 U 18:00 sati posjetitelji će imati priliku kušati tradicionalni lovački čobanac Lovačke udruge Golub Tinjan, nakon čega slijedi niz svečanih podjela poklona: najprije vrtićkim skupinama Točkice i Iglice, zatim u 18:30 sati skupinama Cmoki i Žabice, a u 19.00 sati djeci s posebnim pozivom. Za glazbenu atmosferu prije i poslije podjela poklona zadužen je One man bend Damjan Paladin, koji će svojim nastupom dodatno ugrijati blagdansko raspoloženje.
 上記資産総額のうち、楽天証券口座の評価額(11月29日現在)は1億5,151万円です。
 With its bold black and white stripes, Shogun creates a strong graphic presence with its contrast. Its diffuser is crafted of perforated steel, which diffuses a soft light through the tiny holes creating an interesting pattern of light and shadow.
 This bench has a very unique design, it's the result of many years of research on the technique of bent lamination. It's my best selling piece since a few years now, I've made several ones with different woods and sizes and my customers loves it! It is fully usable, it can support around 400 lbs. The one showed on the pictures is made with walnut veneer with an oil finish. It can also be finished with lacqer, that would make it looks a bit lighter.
--
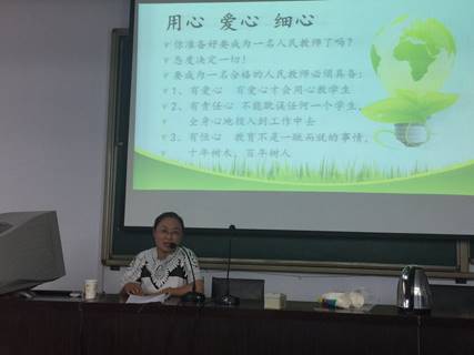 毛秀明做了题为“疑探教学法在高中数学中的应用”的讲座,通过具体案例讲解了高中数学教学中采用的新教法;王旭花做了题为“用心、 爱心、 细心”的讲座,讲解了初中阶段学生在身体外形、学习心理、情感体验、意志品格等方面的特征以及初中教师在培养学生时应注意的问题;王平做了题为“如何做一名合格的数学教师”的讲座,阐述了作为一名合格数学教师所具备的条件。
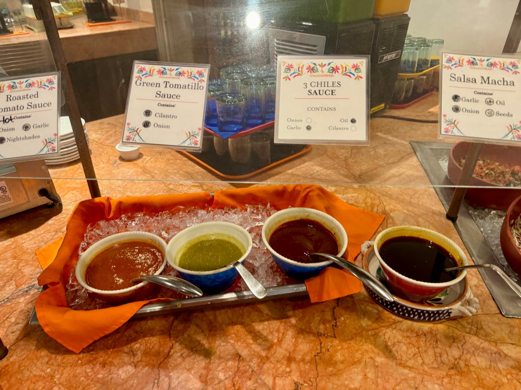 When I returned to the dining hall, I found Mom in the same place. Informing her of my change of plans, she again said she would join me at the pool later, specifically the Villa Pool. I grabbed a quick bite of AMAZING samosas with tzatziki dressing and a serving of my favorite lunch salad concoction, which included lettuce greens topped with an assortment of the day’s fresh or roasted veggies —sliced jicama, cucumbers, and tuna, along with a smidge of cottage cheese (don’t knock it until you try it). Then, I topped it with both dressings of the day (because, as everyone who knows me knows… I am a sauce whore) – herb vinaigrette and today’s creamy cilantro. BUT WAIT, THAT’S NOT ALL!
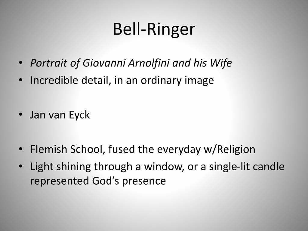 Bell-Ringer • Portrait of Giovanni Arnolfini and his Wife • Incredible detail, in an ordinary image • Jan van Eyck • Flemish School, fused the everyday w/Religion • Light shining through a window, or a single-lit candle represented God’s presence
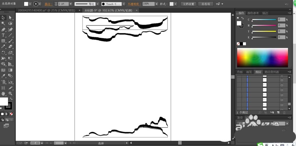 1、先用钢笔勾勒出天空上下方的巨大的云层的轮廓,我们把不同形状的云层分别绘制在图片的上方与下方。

-- Try it --
Starting with the line with "U 18:00 sati" above and going on through the line with "With its bold", transcribe every line exactly, both ends included, and add nothing.

-- Result of this exercise --
 U 18:00 sati posjetitelji će imati priliku kušati tradicionalni lovački čobanac Lovačke udruge Golub Tinjan, nakon čega slijedi niz svečanih podjela poklona: najprije vrtićkim skupinama Točkice i Iglice, zatim u 18:30 sati skupinama Cmoki i Žabice, a u 19.00 sati djeci s posebnim pozivom. Za glazbenu atmosferu prije i poslije podjela poklona zadužen je One man bend Damjan Paladin, koji će svojim nastupom dodatno ugrijati blagdansko raspoloženje.
 上記資産総額のうち、楽天証券口座の評価額(11月29日現在)は1億5,151万円です。
 With its bold black and white stripes, Shogun creates a strong graphic presence with its contrast. Its diffuser is crafted of perforated steel, which diffuses a soft light through the tiny holes creating an interesting pattern of light and shadow.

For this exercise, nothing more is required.